From the reviews:
„Constructive mathematics is often mistakenly thought to be a branch of formal logic, or to involve recursive function theory. The recent Bridges-Vîta textbook is an exemplar of perseverance in efforts to correct this situation. For students at the graduate level it is an excellent introduction to constructive mathematics: for the more experienced reader it is a portal to some of the latest research using constructive methods.“ (Mark Mandelkern, Zentralblatt MATH, Vol. 1107 (9), 2007)
„Bridges and Vita (both, Univ. of Canterbury, New Zealand) offer a book, written jointly by an associate (Bridges) of the famous Errett Bishop … . Thorough index; plentiful exercises and references. Eminently suitable. Summing Up: Recommended. Upper-division undergraduates through faculty.“ (F. E. J. Linton, CHOICE, Vol. 44 (11), August, 2007)
„The authors have written a valuable introduction to constructive analysis, devoting the larger part of their space and efforts to subjects from constructive functional analysis, a field to which they have made important contributions themselves. … Without a doubt, this well-written book shows constructive analysis to be a serious and important subject. The authors, who have thought on their subject long and deeply, deserve our thanks.“ (Wim Veldman, Mathematical Reviews, Issue 2008 a)
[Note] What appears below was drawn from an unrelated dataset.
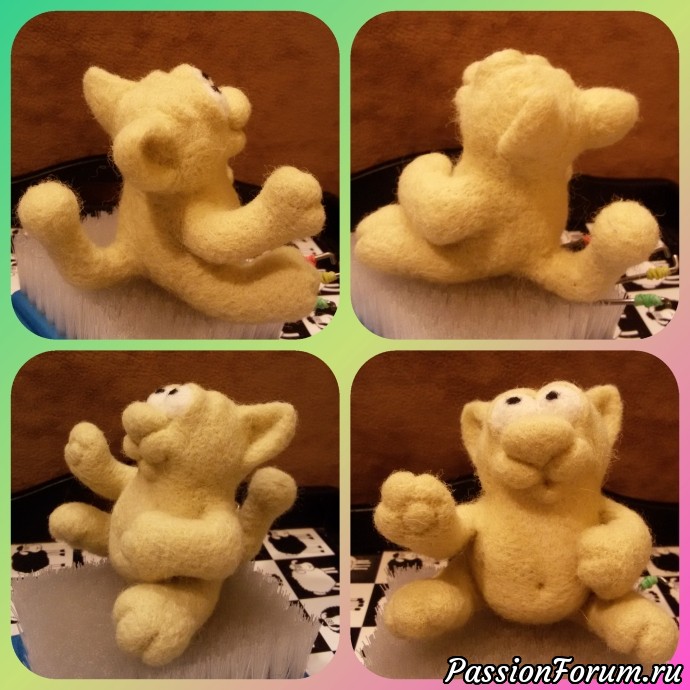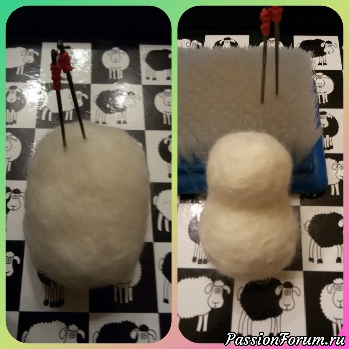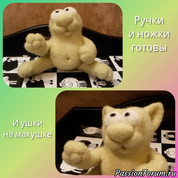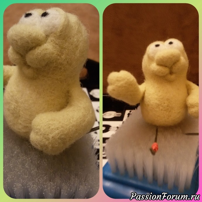 Ушки (и веки тоже) валяю сразу тонкими иглами № 40. Ставим ушки на место.

This book is an introduction to constructive mathematics with an emphasis on techniques and results that have been obtained in the last twenty years. It is the only book to deal with developments in Bishop-style constructive analysis over the past 20 years. The text covers fundamental theory of the real line and metric spaces, focusing on locatedness in normed spaces and with associated results about operators and their adjoints on a Hilbert space. There are two appendices to the book. The first gathers together some basic notions about sets and orders; the second gives the axioms for intuitionistic logic. The intended readership of the book consists of senior undergraduate and graduate students, as well as professional research mathematicians. No background in intuitionistic logic or constructive analysis is needed in order to read the book, but some familiarity with the classical theories of metric, normed and Hilbert spaces is necessary.